A panel of commissioners from Africa, Asia, Europe, Latin America and the Caribbean was assembled to look into police violence, and the structural racism that underpins it. Virtual public hearings were held earlier this year, with testimony from the families of the victims of some of the most notorious police killings in recent times.

The commissioners found that, within the cases they examined, a disproportionate use of excessive force by police led to the deaths of the 43 Black people in the cases they examined. This unlawful disproportionate use of force included shooting and the use of restraints and Tasers. The Commissioners find a alarming, national pattern of disproportionate use of deadly force not only by firearms but also by Tasers against people of African descent.

She added that as she listened to relatives of police shooting victims relate their stories, “it became clear that this was no longer an account of individual trauma, it was an account of trauma inflicted on a whole section of the US population.”

The commission’s report puts the human impact of systemic discrimination against African Americans in stark terms. It says that the US is operating two systems of law.

“One is for white people, and another for people of African descent,” it said.

In the course of the public hearings held in January and February, relatives gave a more personal impression of what such trauma entails. Nicole Paultre Bell, the wife of Sean Bell, testified: “Imagine living in a world where you must explain to your children that their father, an unarmed bridegroom on the morning of his wedding, can be justifiably killed in a hail of 50 police bullets.”

One of the most moving accounts was given by Dominic Archibald, the mother of Nathaniel Pickett who was gunned down by a police officer in 2018 for doing nothing other than walking unarmed across the street. In her testimony, Archibald began by explaining that “Nate” was her only child.

When [Nate] was killed, every hope and dream in my head was destroyed, taken and relegated to a statistic

“He was my legacy, my faith in the present moment, and my hope for the future. Can I ever put this impact into words? Would anyone ever understand?”, she said.

Answering her own question, she went on: “That answer is no. Nate was my perfect gift from God. When he was killed, every hope and dream in my head was destroyed, taken and relegated to a statistic.”

The report gives its own searing figures. Unarmed Black people are almost four times as likely as their white equivalents to be killed by police.

Demands

The commissioners make a number of demands on the US government and Congress. They want to see demilitarization of local police forces, and prohibition of no-knock warrants that allow officers to raid the homes of Black people like Breonna Taylor’s without warning and often without cause.

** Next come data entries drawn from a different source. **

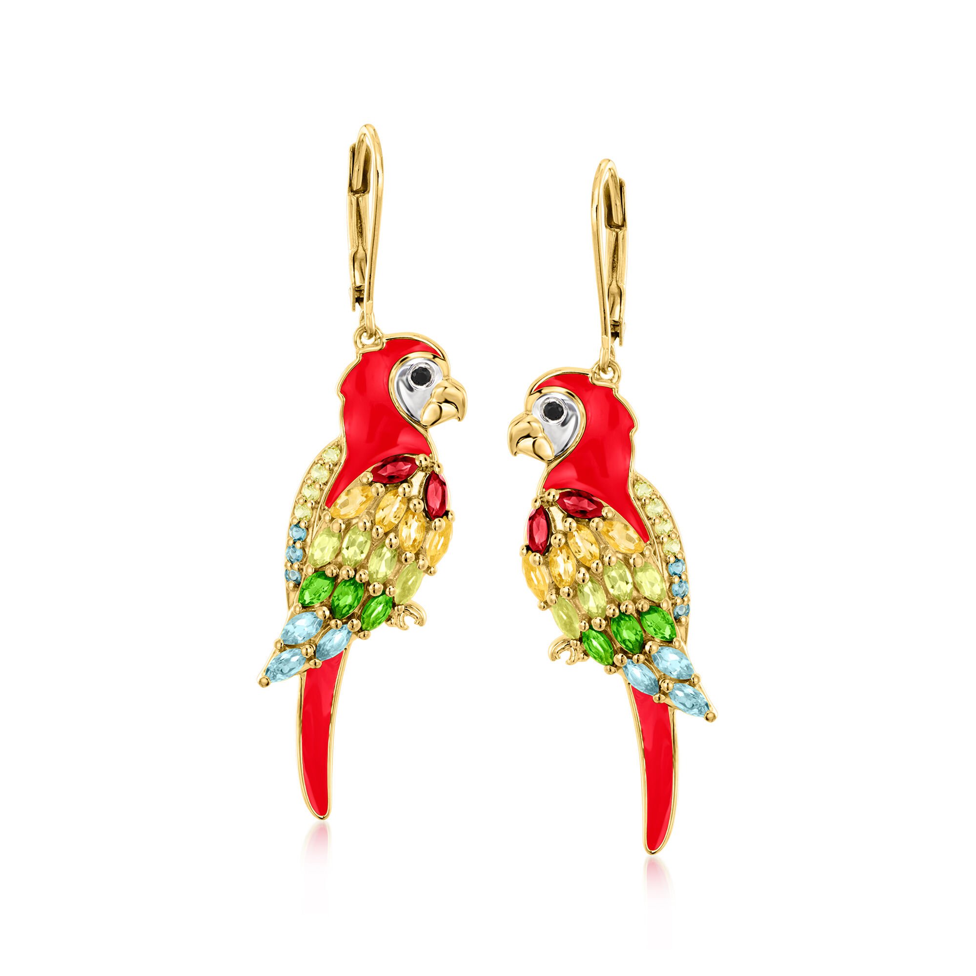 2.33 ct. t.w. Multi-Gemstone Parrot Drop Earrings with Red Enamel in 18kt Gold Over Sterling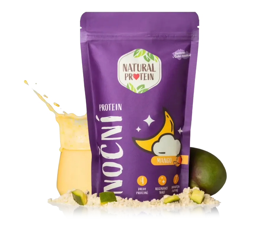 Jak během spánku neztrácet svalovou hmotu? Nakrmte tělo bohatou porcí čtyř kvalitních bílkovin. Micelární kasein se uvolňuje postupně 8 hodin, a tak svaly dostávají důležitou dávku aminokyselin celou noc. Protein zabrání nočnímu odbourávání svalů (katabolismu) a postará se o jejich správnou regeneraci a růst. 7 trávicích enzymů pak pomůže bílkoviny v těle lépe strávit a využít. Fajnšmekři ocení božskou chuť mrazem sušeného manga a čistou přírodní recepturu bez umělotin. Stačí rozmíchat ve vodě nebo mléce. Ideálka při dietě a pro sportovce či seniory, kteří nechtějí ztrácet svaly.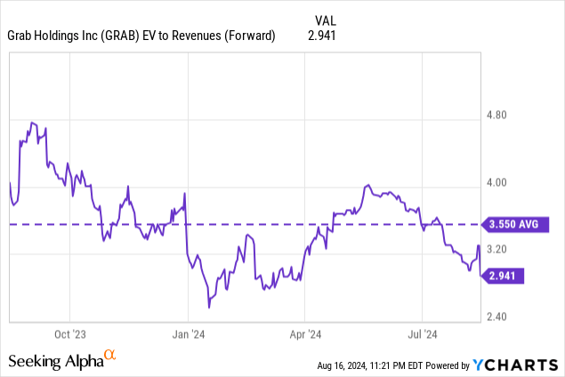 Another way to look is to examine the multiple the stock is currently trading at, and how much growth is baked into the stock. Grab is trading at nearly 3x forward EV/Sales, lower than the 1-year average of 3.6x. The consensus estimate is a 17% annual revenue growth in 2025, lower than our estimate of 19%, driven by robust Deliveries growth and foreign exchange headwinds winding down. Assuming the stock will trade at the same multiple next year, our estimated fair value is $3.9 per share (23% upside potential).

They body also  calls for an end to qualified immunity through which police officers avoid civil lawsuits. The commissioners say the loophole “amounts to condoning brutal police violence”.

The call for a case against the U.S for crimes against humanity may be a long shot from being translated into anything practical, given the immediate challenges such demand faces. In the first instance, the U.S does not officially recognise the international court, though the charge is in itself serious.

Jilani said she hoped that the US government would see that such an action would support much needed change. “We felt that the US would benefit were individual police officers further deterred from resorting to unjustified force, knowing that some kind of international criminal responsibility might be held against them.”